On 9/28/07, Tom Lane <tgl(at)sss(dot)pgh(dot)pa(dot)us> wrote:
> Dave Page <dpage(at)postgresql(dot)org> writes:
> > Andrew Dunstan wrote:
> >> Then I think I'd rather disable use of client certs for the offending
> >> openssl versions in libpq, or let the apps die and refer the customers
> >> to the openssl people to lobby them for a sane solution.
>
> > If this were 8.0 I'd agree, but thats not a nice solution for those
> > already using client certs (such as the pgAdmin user who brought this to
> > my attention).
>
> Doesn't really matter. Even if we were willing to hack our own client
> apps like that (which I'm not), we can *not* transfer such a requirement
> onto every libpq-using application. It's just not acceptable.

Is it possible to use GNUTLS on Windows?

--
marko

Marko Kreen wrote:
> On 9/28/07, Tom Lane <tgl(at)sss(dot)pgh(dot)pa(dot)us> wrote:
>> Dave Page <dpage(at)postgresql(dot)org> writes:
>>> Andrew Dunstan wrote:
>>>> Then I think I'd rather disable use of client certs for the offending
>>>> openssl versions in libpq, or let the apps die and refer the customers
>>>> to the openssl people to lobby them for a sane solution.
>>> If this were 8.0 I'd agree, but thats not a nice solution for those
>>> already using client certs (such as the pgAdmin user who brought this to
>>> my attention).
>> Doesn't really matter. Even if we were willing to hack our own client
>> apps like that (which I'm not), we can *not* transfer such a requirement
>> onto every libpq-using application. It's just not acceptable.
>
> Is it possible to use GNUTLS on Windows?
>

No, I don't think so.

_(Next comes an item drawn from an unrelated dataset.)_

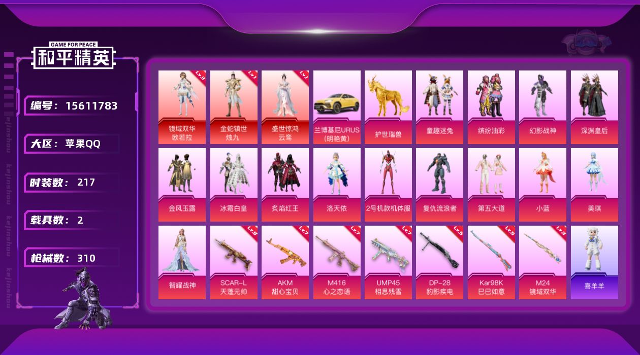 [15611783]素材身法号/无敌战神框1/绝世印记4/SCAR-L-天蓬元帅(九级)【特价急出/详情看图】:苹果 手Q-无敌战神框-3神装-14粉装-7特效枪-2载具-9粉色飞行器-11.1w热力值-20王牌印记-217套装-310枪皮【红色神装等级】:金蛇镇世-烛九(一级),盛世惊鸿-云鸾(一级),镜域双华-欧若拉(三级)【热门品类】:粉装-童趣迷兔,粉装-缤纷油彩,套装-SS1特训,套装-龟仙人,套装-软软马卡龙,小恶魔头饰,熔岩游骑兵面罩,熔岩游骑兵连帽夹克,套装-红熊茄茄【粉色载具】:兰博基尼URUS(明艳黄),护世瑞兽【粉色套装】:粉装-幻影战神,粉装-深渊皇后,粉装-金风玉露,粉装-缤纷油彩,粉装-冰霜白皇,粉装-童趣迷兔,粉装-炙焰红王,角色-洛天依,角色-2号机款机体服,角色-复仇流浪者,粉装-第五大道,角色-小蓝,角色-美琪,角色-智耀战神【粉色枪皮等级】:AKM-甜心宝贝(七级),SCAR-L-天蓬元帅(九级),M416-心之恋语(七级),UMP45-相思残雪(七级),Kar98K-巳巳如意(五级),M24-镜域双华(三级),DP-28-豹影疾电(五级)【粉色飞行器】:酣梦熊熊飞行器,相思残雪飞行器,齐天大圣飞行器,繁龙极客飞行器,镜域双华-灵镜之阶,龙翔九天飞行器,脆鲨七海飞行器,万象金身飞行器

I didn't think we accepted Martijn's(?) patch for
it anyway?

Regards, Dave

Dave Page wrote:
>>
>> Is it possible to use GNUTLS on Windows?
>>
>
> No, I don't think so. I didn't think we accepted Martijn's(?) patch
> for it anyway?
>
>

This mess might make that worth revisiting, if it can be used on
Windows. See http://josefsson.org/gnutls4win/

cheers

andrew

Dave Page <dpage(at)postgresql(dot)org> writes:
> Tom Lane wrote:
>> Doesn't really matter. Even if we were willing to hack our own client
>> apps like that (which I'm not), we can *not* transfer such a requirement
>> onto every libpq-using application. It's just not acceptable.

> *We're* not transfering any requirement. I've fixed pgAdmin for example
> without any need to touch any Postgres code.

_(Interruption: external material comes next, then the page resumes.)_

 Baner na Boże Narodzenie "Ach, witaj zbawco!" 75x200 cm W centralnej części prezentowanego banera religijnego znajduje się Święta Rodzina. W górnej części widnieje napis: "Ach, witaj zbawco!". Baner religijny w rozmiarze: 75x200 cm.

Well, yeah, we are, as evidenced by the fact that you had to do
something to pgAdmin. Every other application that uses libpq would
also be facing source code changes to make it work.

Is there really no way to solve this within libpq?

regards, tom lane

Tom Lane wrote:
> Dave Page <dpage(at)postgresql(dot)org> writes:
>> Tom Lane wrote:
>>> Doesn't really matter. Even if we were willing to hack our own client
>>> apps like that (which I'm not), we can *not* transfer such a requirement
>>> onto every libpq-using application. It's just not acceptable.
>
>> *We're* not transfering any requirement. I've fixed pgAdmin for example
>> without any need to touch any Postgres code.
>
> Well, yeah, we are, as evidenced by the fact that you had to do
> something to pgAdmin. Every other application that uses libpq would
> also be facing source code changes to make it work.

Yes, but it's not us requiring it (except in as much as we provide some
level of SSL support) but the OpenSSL crew.

> Is there really no way to solve this within libpq?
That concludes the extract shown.